25 YEARS AGO

From the Evening News, May 5, 1973

THE news that Rolls-Royce Motor shares will be on the market soon is encouraging for it means that no other car company will be able to absorb that British symbol of elegance and luxury. Many small investors will buy shares not because they hope to make money out of them, but because they will be anxious to support a unique enterprise which has carried British prestige all over the world for a great many years.

50 YEARS AGO

From the Evening News, May 5, 1948

PICNICS today are a far cry from taking a packet of sandwiches and a flask of coffee or a bottle of pop to Barrow Bridge. Nowadays they can mean anything up to a hundred miles in a motor coach, with lunch at one town and tea fifty miles on, all pre-arranged by enthusiastic organizers.

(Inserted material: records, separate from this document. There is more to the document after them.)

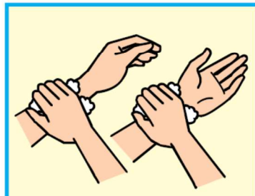
8 手首を洗う(内側・側面・外側)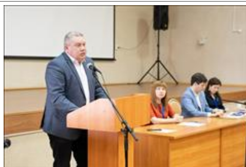
Доклады Выступление участников семинара на открытии отделения ВОРДИ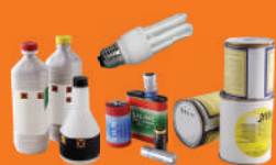
Déchets chimiques et toxiques

Tout dépôt hors des conteneurs prévus à cet effet fera l'objet de poursuites : jusqu'à 1 500 € D'AMENDE ET CONFISCATION DU VÉHICULE conformément à l'article L541-3 du Code de l'Environnement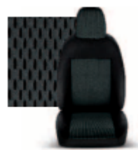
STAR GRIGIO 213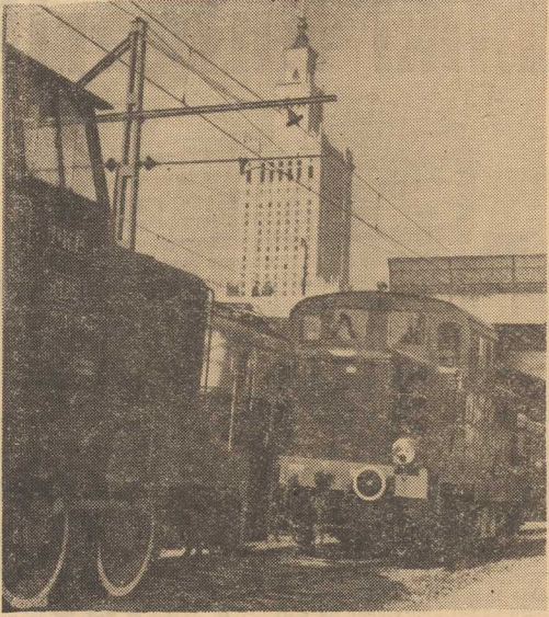
PKP przewożą obecnie prawie 97 proc. wszystkich ładunków w kraju. Przewozy kolejowe w roku ubiegłym czterokrotnie przewyższyły poziom z roku 1937. Świadczy to o bardzo wydajnej pracy 350 000 armii pracowników różnych służb kolejowych. PKP już nie zakupują parowozów. Całkowicie zostana one wycofane z eksploatacji ok. roku 1950. Wówczas to w Polsce ponad 600 km linii zostanie zelektryfikowanych, a pozostałe obsłużą trakcja spalinowa. Na zdjęciu: lokomotywy spalinowe na wystawie taboru i sprzętu kolejowego w Warszawie.

Whether they are enjoyed to the same extent by everybody is not so certain, judging from the remark made recently by a Bolton woman who asking is she was going on the picnic this year.

'Where are they going?' she asked, and being told that the trip was to a remote village in the Lake District, shook her head and said: 'Oh, no. We went somewhere like that last year, and there was nothing to do.'

125 YEARS AGO

From the Evening News, May 6, 1873

SIR,- I am quite delighted with the action of the music Committee concerning the visit of the Prince and Princess of Wales, as I am sure we are far more likely to get thoroughly good musical entertainments at their hands than if left to the tender mercies of the Philharmonic Society. It is quite good enough for ordinary occasions, and on such occasions Brown, Jones and Robinson, whom we all know and often see in their working clothes, will do to fiddle and sing for us. But on such an extraordinary occasion as this our friends should gracefully retire and give place to - I will not say better men, but to men who come from a distance, and whom we have never a chance of seeing except in their Sunday clothes This is certainly a step in the right direction, but I do not think we should stop here, but carry out the principle here recognised in other matters. My suggestion is this. Could we not hire a Mayor and Council from some other town to officiate in place of our own worthy townsmen? Liverpool or Manchester might suit our purpose. The idea, I presume, is quite original, and as the plan has not been tried elsewhere it would have the advantage of perfect novelty. - Yours, Harpe.